### Extracted information

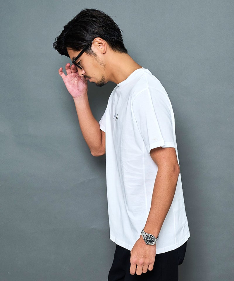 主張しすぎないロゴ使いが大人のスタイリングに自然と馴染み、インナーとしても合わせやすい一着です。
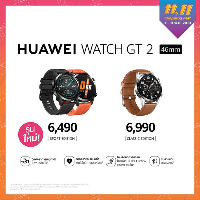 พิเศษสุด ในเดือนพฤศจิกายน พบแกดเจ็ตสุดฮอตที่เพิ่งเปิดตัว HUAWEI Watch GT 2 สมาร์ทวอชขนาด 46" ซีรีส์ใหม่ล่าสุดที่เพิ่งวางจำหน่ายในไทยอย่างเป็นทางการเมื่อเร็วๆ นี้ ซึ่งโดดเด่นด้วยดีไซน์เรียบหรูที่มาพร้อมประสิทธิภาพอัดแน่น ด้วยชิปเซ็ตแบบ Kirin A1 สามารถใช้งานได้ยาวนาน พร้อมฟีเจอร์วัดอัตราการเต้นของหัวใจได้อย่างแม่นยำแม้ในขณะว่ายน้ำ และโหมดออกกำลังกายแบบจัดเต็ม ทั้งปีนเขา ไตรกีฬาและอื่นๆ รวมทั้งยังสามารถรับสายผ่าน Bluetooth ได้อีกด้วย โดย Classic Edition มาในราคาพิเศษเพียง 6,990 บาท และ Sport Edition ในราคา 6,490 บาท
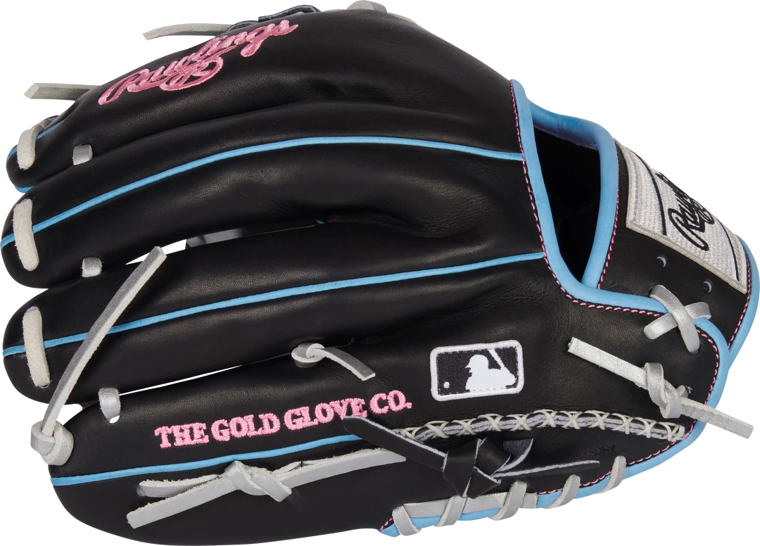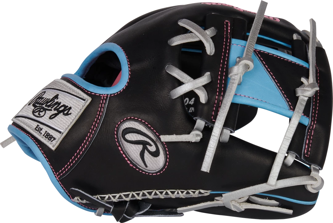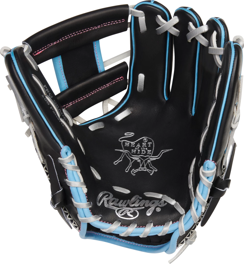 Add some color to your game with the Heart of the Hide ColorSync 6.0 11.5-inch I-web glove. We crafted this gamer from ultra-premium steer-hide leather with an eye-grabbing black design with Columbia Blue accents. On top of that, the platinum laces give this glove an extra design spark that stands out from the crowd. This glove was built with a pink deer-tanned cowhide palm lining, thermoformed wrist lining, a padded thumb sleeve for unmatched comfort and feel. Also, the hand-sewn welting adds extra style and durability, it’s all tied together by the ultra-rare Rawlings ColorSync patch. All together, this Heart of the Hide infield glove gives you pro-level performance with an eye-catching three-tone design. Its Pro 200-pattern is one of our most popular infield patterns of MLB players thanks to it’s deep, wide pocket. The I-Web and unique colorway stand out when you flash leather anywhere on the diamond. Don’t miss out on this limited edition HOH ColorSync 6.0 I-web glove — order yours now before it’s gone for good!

...

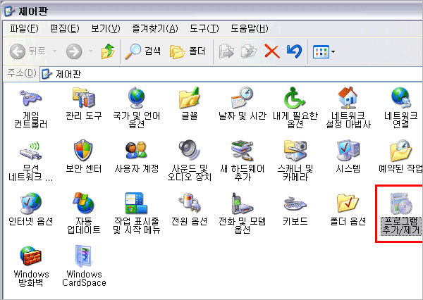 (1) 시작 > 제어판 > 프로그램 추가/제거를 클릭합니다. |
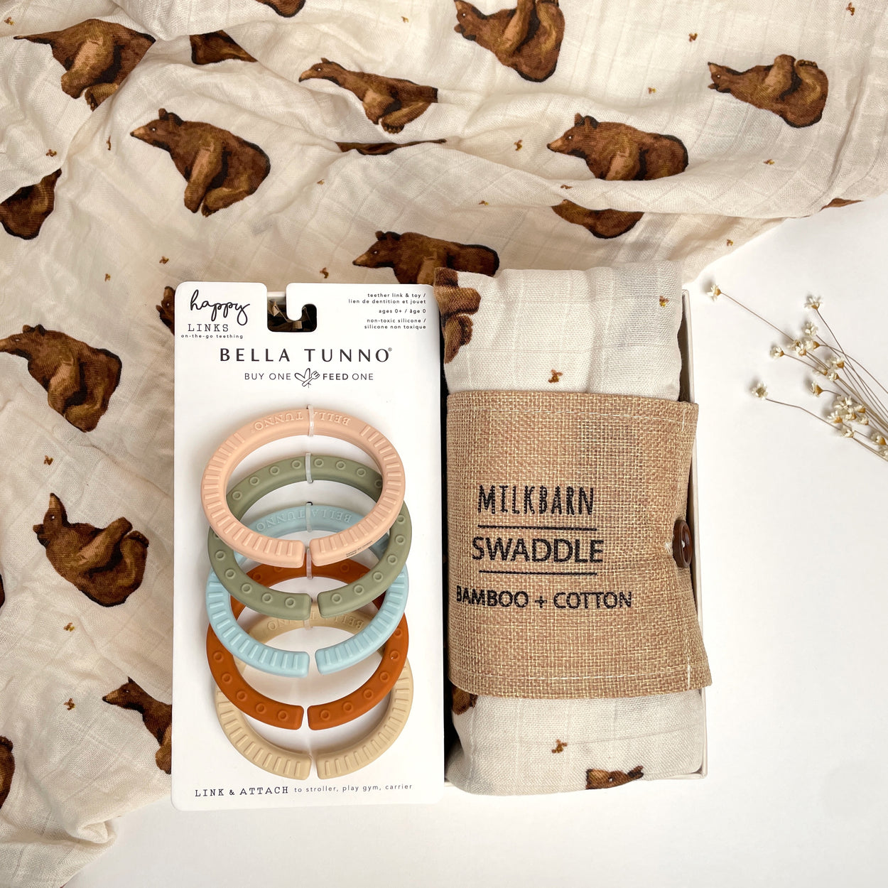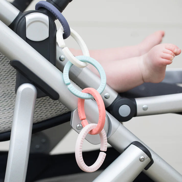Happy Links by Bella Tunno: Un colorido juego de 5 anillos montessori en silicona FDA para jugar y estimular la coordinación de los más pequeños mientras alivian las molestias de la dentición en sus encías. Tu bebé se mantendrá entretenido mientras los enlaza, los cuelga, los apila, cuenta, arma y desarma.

### Exercise aim
All lines above from the one containing "主張しすぎないロゴ使いが大人" up to and including the one containing "Add some color" are to be set down exactly, and nothing else. Leave images out.

### Answer
 主張しすぎないロゴ使いが大人のスタイリングに自然と馴染み、インナーとしても合わせやすい一着です。
 พิเศษสุด ในเดือนพฤศจิกายน พบแกดเจ็ตสุดฮอตที่เพิ่งเปิดตัว HUAWEI Watch GT 2 สมาร์ทวอชขนาด 46" ซีรีส์ใหม่ล่าสุดที่เพิ่งวางจำหน่ายในไทยอย่างเป็นทางการเมื่อเร็วๆ นี้ ซึ่งโดดเด่นด้วยดีไซน์เรียบหรูที่มาพร้อมประสิทธิภาพอัดแน่น ด้วยชิปเซ็ตแบบ Kirin A1 สามารถใช้งานได้ยาวนาน พร้อมฟีเจอร์วัดอัตราการเต้นของหัวใจได้อย่างแม่นยำแม้ในขณะว่ายน้ำ และโหมดออกกำลังกายแบบจัดเต็ม ทั้งปีนเขา ไตรกีฬาและอื่นๆ รวมทั้งยังสามารถรับสายผ่าน Bluetooth ได้อีกด้วย โดย Classic Edition มาในราคาพิเศษเพียง 6,990 บาท และ Sport Edition ในราคา 6,490 บาท
 Add some color to your game with the Heart of the Hide ColorSync 6.0 11.5-inch I-web glove. We crafted this gamer from ultra-premium steer-hide leather with an eye-grabbing black design with Columbia Blue accents. On top of that, the platinum laces give this glove an extra design spark that stands out from the crowd. This glove was built with a pink deer-tanned cowhide palm lining, thermoformed wrist lining, a padded thumb sleeve for unmatched comfort and feel. Also, the hand-sewn welting adds extra style and durability, it’s all tied together by the ultra-rare Rawlings ColorSync patch. All together, this Heart of the Hide infield glove gives you pro-level performance with an eye-catching three-tone design. Its Pro 200-pattern is one of our most popular infield patterns of MLB players thanks to it’s deep, wide pocket. The I-Web and unique colorway stand out when you flash leather anywhere on the diamond. Don’t miss out on this limited edition HOH ColorSync 6.0 I-web glove — order yours now before it’s gone for good!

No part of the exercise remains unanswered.